(Records from a data source)
..........

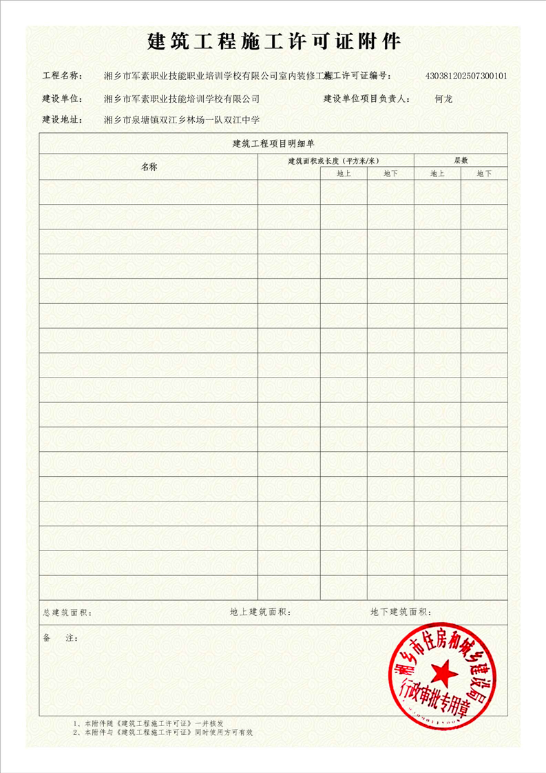 湘鄉市軍素職業技能職業培訓學校有限公司室內裝修工程
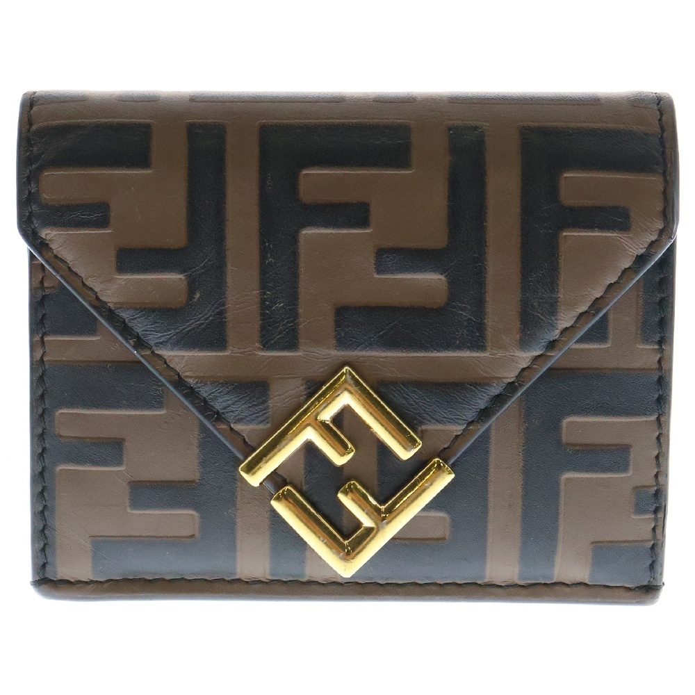 - FENDI フェンディ FFダイヤモンド 三つ折り財布 コンパクトウォレット ゴールド金具 ブラウン ズッカ柄 レザー 8M0480
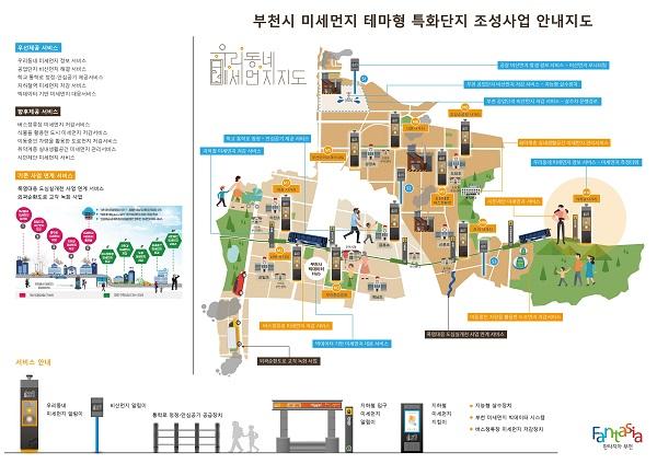 촘촘하고 신뢰성 있는 정보제공을 위한 우리동네 미세먼지 알림이 서비스 부천시 현안인 삼정동 레미콘 공업단지 비산먼지 해결 서비스 차량 배출 오염물질과 폭염으로부터 학생보호를 위한 통학로 청정 안심공기 제공서비스 과학적 미세먼지 대응체계 지원을 위한 부천시 미세먼지 빅데이터 플랫폼 구축 등 4개 사업은 국·시비 매칭을 통해 추진하고 7호선 지하철역 미세먼지 저감서비스 사업은 다른 사업들과 연계해 자체재원으로 추진함으로써 길주로변을 따라 테마형 미세먼지 안심 특화단지를 조성할 계획이다.
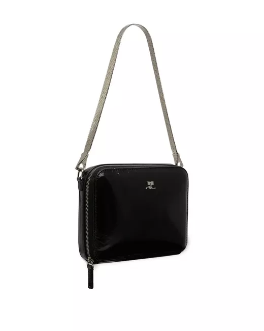 black calf leather patent finish silver-tone logo plaque silver-tone hardware tonal stitching all-around zip fastening detachable leather and chain-link shoulder strap rear patch pocket main compartment internal card slot
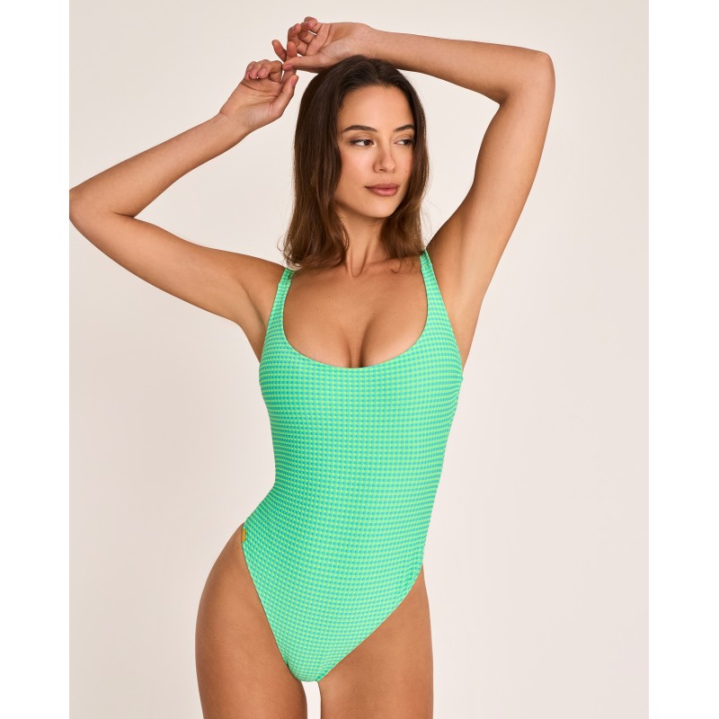 Square-neck swimsuit without cups, underwire, or padding. With adjustable straps. This piece, in a luminous tone and delicate woven design, subtly and elegantly enhances the silhouette, while its built-in accessory adds a touch of originality to the look.
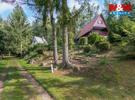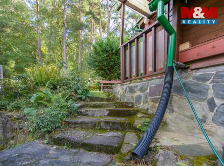 Prodej krásné chaty v Bukovci u Horšovského Týna v chatové osadě nedaleko rybníka Korida. Jedná se o dvoupodlažní dřevěnou chatu postavenou na zděném základu, ve kterém se nachází sklep a dílna. Podlahová plocha chaty je krásných 55 m². V 1NP se nachází vstupní chodba, obývací pokoj, kuchyňský kout, koupelna s WC a velká terasa, v 2NP jsou pak dvě ložnice. Pozemek okolo chaty představuje krásných 413 m2 a disponuje množstvím stromů a keřů, které tak vytváří skvělé místo pro relax a odpočinek. Tento rozlehlý prostor je jako stvořený pro zahradničení, relaxaci nebo drobné hospodaření. Do chaty je přivedena elektřina a voda s vlastního vrtu. Vytápění zajišťují krbová kamna a ohřev vody je řešen průtokovým ohřívačem. Odpady jsou svedeny do septiku. Chata má nová plastová okna a je velmi udržovaná. Máte rádi klid a chcete být obklopeni přírodou? Pak nás neváhejte kontaktovat a domluvit si prohlídku.

..........

YOUR GOAL:
Out of the records above, return only the lines from the one with "- FENDI フェンディ" through the one with "black calf leather", exactly, and none of the pictures.

EXERCISE RESULT:
 - FENDI フェンディ FFダイヤモンド 三つ折り財布 コンパクトウォレット ゴールド金具 ブラウン ズッカ柄 レザー 8M0480
 촘촘하고 신뢰성 있는 정보제공을 위한 우리동네 미세먼지 알림이 서비스 부천시 현안인 삼정동 레미콘 공업단지 비산먼지 해결 서비스 차량 배출 오염물질과 폭염으로부터 학생보호를 위한 통학로 청정 안심공기 제공서비스 과학적 미세먼지 대응체계 지원을 위한 부천시 미세먼지 빅데이터 플랫폼 구축 등 4개 사업은 국·시비 매칭을 통해 추진하고 7호선 지하철역 미세먼지 저감서비스 사업은 다른 사업들과 연계해 자체재원으로 추진함으로써 길주로변을 따라 테마형 미세먼지 안심 특화단지를 조성할 계획이다.
 black calf leather patent finish silver-tone logo plaque silver-tone hardware tonal stitching all-around zip fastening detachable leather and chain-link shoulder strap rear patch pocket main compartment internal card slot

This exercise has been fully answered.